Since 1744, when John Newbery opened the first publishing house and bookshop dedicated to children’s books in St Paul’s Churchyard in London, books written with the explicit purpose of giving pleasure to children—as opposed to texts whose primary aim is educational—have assumed that young readers (or listeners) are social and cultural subjects in the early stages of development and formation. The fictional child subject found in early children’s books did not, of course, spring into view unbidden in 1744. Newbery was a man of vision and acumen, and a good reader of the transformations in thinking about childhood that were stirring in the social world of the mid- to late eighteenth century. His eye firmly on the market, he thought highly of John Locke, for whom education played a central role in the child’s development, and many of the earliest children’s books published by Newbery combined the ideas of play and learning that Locke enjoined in his 1693 treatise Thoughts Concerning Education.

Locke argued that children, born with minds ‘void of all characters and without any ideas’, should be ‘cozened’ into their letters, and given ‘easy pleasant books’ to read, suited to their capacity. Jean-Jacques Rousseau, whose impact upon the concept of childhood equalled Locke’s, was less sanguine about the value of books, or indeed of formal education at all before the age of twelve to thirteen. Like Locke, he thought that the child should learn through experience, but above all he wished to preserve the child’s ‘original perfect nature’, as the opening sentence of his Emile, or on Education (1762) makes plain: ‘Everything is good as it leaves the hands of the Creator; everything degenerates in the hands of man’.

For all their differences, Locke and Rousseau were both clear about the importance of the child’s experiential development, both physical and moral. Rousseau’s Emile, written as a novel, forms a bridge between the educational philosophy of Locke and fiction; little surprise, then, that Emile has been thought of as a bildungsroman, a story of development and moral formation, and that the earliest fiction written for children followed suit. In these stories accounts of the inner life of the child and the development of the subject over time combine in didactic accounts of common standards of morality, manners and growth.

It was in the Romantic period that what Hugh Cunningham calls the ‘middle-class ideology of childhood’ was perfected. An earlier Puritan emphasis on the sinfulness of children was met, and largely overcome, by a sanctification of childhood. Wordsworth’s Ode to Immortality from Recollections of Early Childhood (1807), in which ‘trailing clouds of glory do we come/From God who is our home’, is perhaps the best-known expression of childhood’s transformation from a period of preparation for adulthood to the cherished origin of each individual’s life.

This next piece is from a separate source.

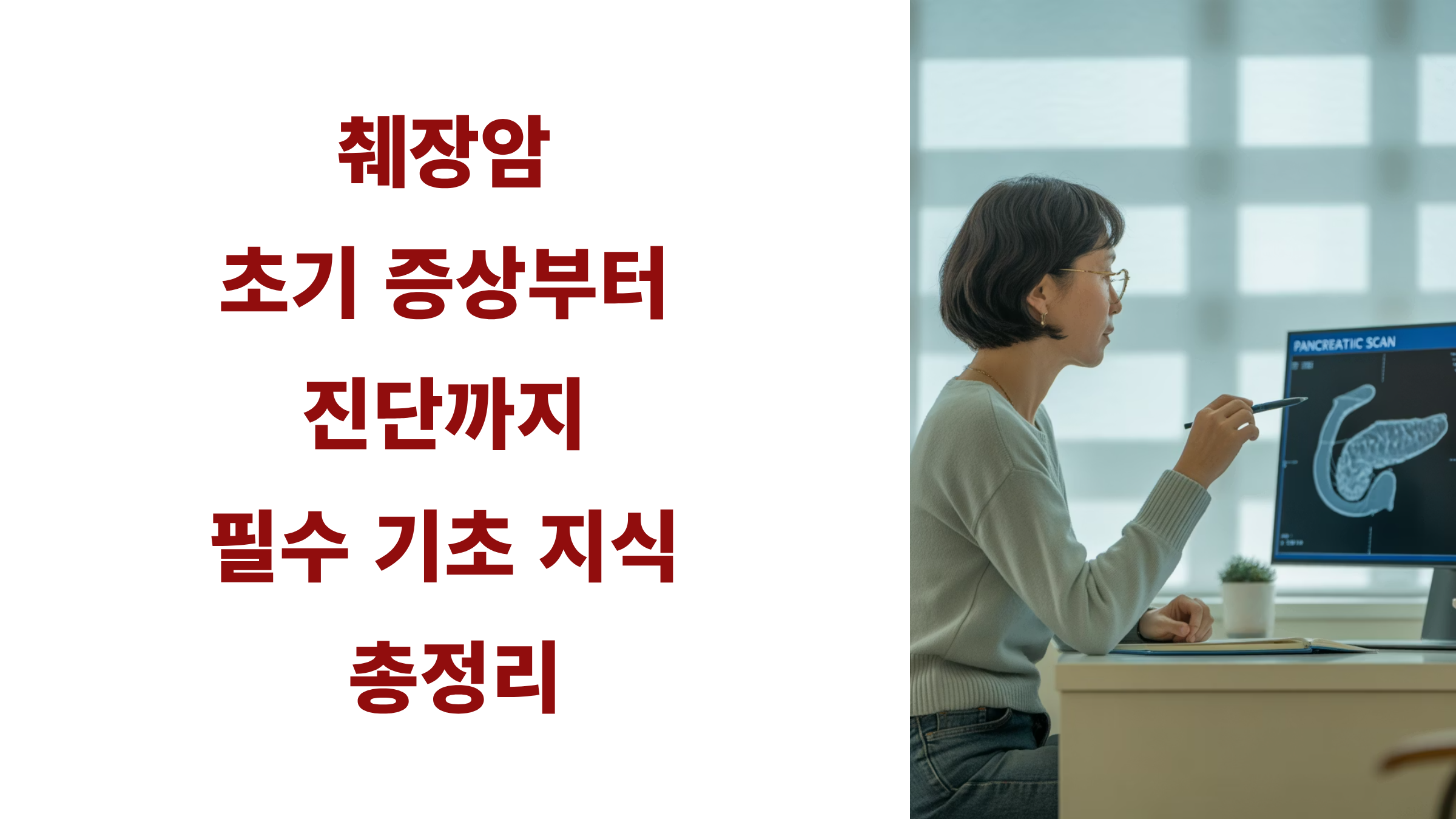 췌장암은 조기 발견이 어렵고 진행이 빠른 암이므로, 특히 위험 인자가 있는 사람은 정기 검진이 필수적이다. 다음 편에서는 수술, 항암, 방사선 치료와 함께 치료 후 생활 관리 및 예방법을 다룬다.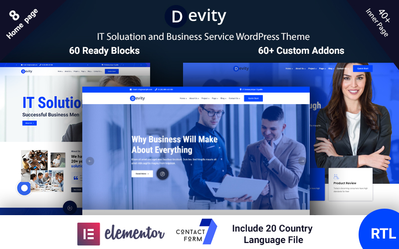 Devity IT Solutions Business Service WordPress Theme for IT services and solution company and Fully RTL Support, Digital Agency, Startup, software website, Consultancy, Finance. (It can also be used with a general corporate website as well.)

The child figure in books written for children began to inhabit an imaginative space that was, in effect, one that the adult had lost. In it the child’s agency was limited by the boundaries that separated it from the adult’s world. This was a space in which innocence and experience, nature and nurture were held in a complex balance.

By the turn of the nineteenth century few Western children lay outside this ideology. Philanthropists turned their attention to the plight of poorer children, whose working lives Henry Mayhew had documented in his 1840 London Labour and the London Poor. When Mayhew interviewed a little eight-year-old, who ‘had entirely lost all childish ways’, selling watercress in all weathers, he responded to her from within the expectations of childhood that had taken hold in the social imaginary. He found it ‘cruelly pathetic’ that ‘this infant, so young that her features had scarcely formed themselves…[talked]…of the bitterest struggles of life with the calm earnestness of one who had endured them all’.

When Lewis Carroll’s Alice fell into Wonderland in 1865, twenty years after Mayhew published his account of life in London, her adventures were as much an exploration of privileged nineteenth-century childhood as of the social world that Carroll’s fantasy turned upside down. Her typical response to the fantastic creatures and beings she meets in Wonderland is to dismiss them for failing to meet the standards of behaviour and logic she has been taught. As she says to the Queen of Hearts: ‘Who cares for you?…You’re nothing but a pack of cards!’.

Carroll’s book is among those that constitute what has become known as the Golden Age of children’s books. Like others on the list, such as Beatrix Potter’s Peter Rabbit (1902), Edith Nesbitt’s The Railway Children (1906) and Frances Hodgson Burnett’s The Secret Garden (1910), child characters attempt to negotiate the various situations they find themselves in by means of the social and cultural lessons they have learned. Like Alice, the logic they apply reveals the extent of their limited experience of the world, and at the same time confirms the ideology of childhood that they instantiate. The picture of childhood that these books provided was one in which children were largely free to roam without adult supervision. They might go on hiking or sailing holidays, or trek on ponies, take trains and buses, and meet remarkable characters as they explored their environment and coped with a proper amount of manageable danger and excitement, always with the expectation that adults were there to help and protect when they were needed. It was a picture of an ideal childhood that would be sustained well into the twentieth century.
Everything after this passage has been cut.